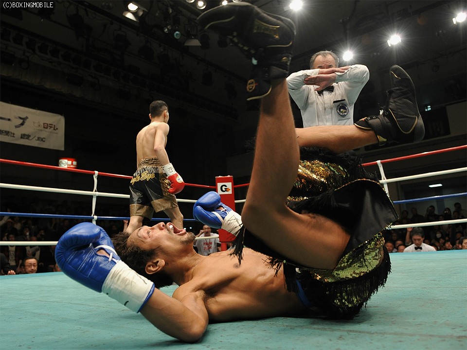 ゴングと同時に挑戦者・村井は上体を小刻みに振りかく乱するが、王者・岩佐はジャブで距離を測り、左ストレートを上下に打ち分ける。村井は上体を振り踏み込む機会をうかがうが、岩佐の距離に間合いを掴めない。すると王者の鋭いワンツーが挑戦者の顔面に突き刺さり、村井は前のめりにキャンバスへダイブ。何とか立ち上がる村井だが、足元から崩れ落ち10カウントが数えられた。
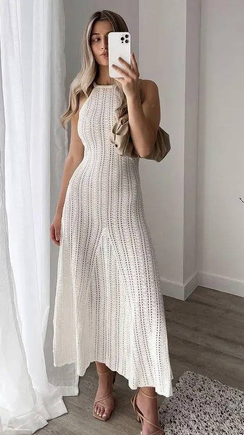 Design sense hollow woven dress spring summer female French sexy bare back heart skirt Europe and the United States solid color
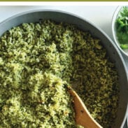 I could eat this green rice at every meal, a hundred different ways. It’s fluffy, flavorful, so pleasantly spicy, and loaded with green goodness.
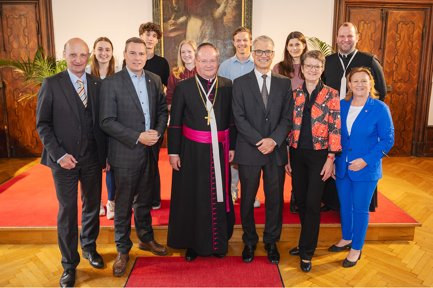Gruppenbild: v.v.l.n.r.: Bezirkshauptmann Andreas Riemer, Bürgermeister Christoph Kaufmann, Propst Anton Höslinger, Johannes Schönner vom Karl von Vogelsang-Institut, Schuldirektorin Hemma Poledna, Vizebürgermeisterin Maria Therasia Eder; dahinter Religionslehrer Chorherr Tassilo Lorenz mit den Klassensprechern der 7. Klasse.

• Exercise prompt:
Every line of the listing is to be retyped exactly; pictures stay out.

• Written response:
 ゴングと同時に挑戦者・村井は上体を小刻みに振りかく乱するが、王者・岩佐はジャブで距離を測り、左ストレートを上下に打ち分ける。村井は上体を振り踏み込む機会をうかがうが、岩佐の距離に間合いを掴めない。すると王者の鋭いワンツーが挑戦者の顔面に突き刺さり、村井は前のめりにキャンバスへダイブ。何とか立ち上がる村井だが、足元から崩れ落ち10カウントが数えられた。
 Design sense hollow woven dress spring summer female French sexy bare back heart skirt Europe and the United States solid color
 I could eat this green rice at every meal, a hundred different ways. It’s fluffy, flavorful, so pleasantly spicy, and loaded with green goodness.
Gruppenbild: v.v.l.n.r.: Bezirkshauptmann Andreas Riemer, Bürgermeister Christoph Kaufmann, Propst Anton Höslinger, Johannes Schönner vom Karl von Vogelsang-Institut, Schuldirektorin Hemma Poledna, Vizebürgermeisterin Maria Therasia Eder; dahinter Religionslehrer Chorherr Tassilo Lorenz mit den Klassensprechern der 7. Klasse.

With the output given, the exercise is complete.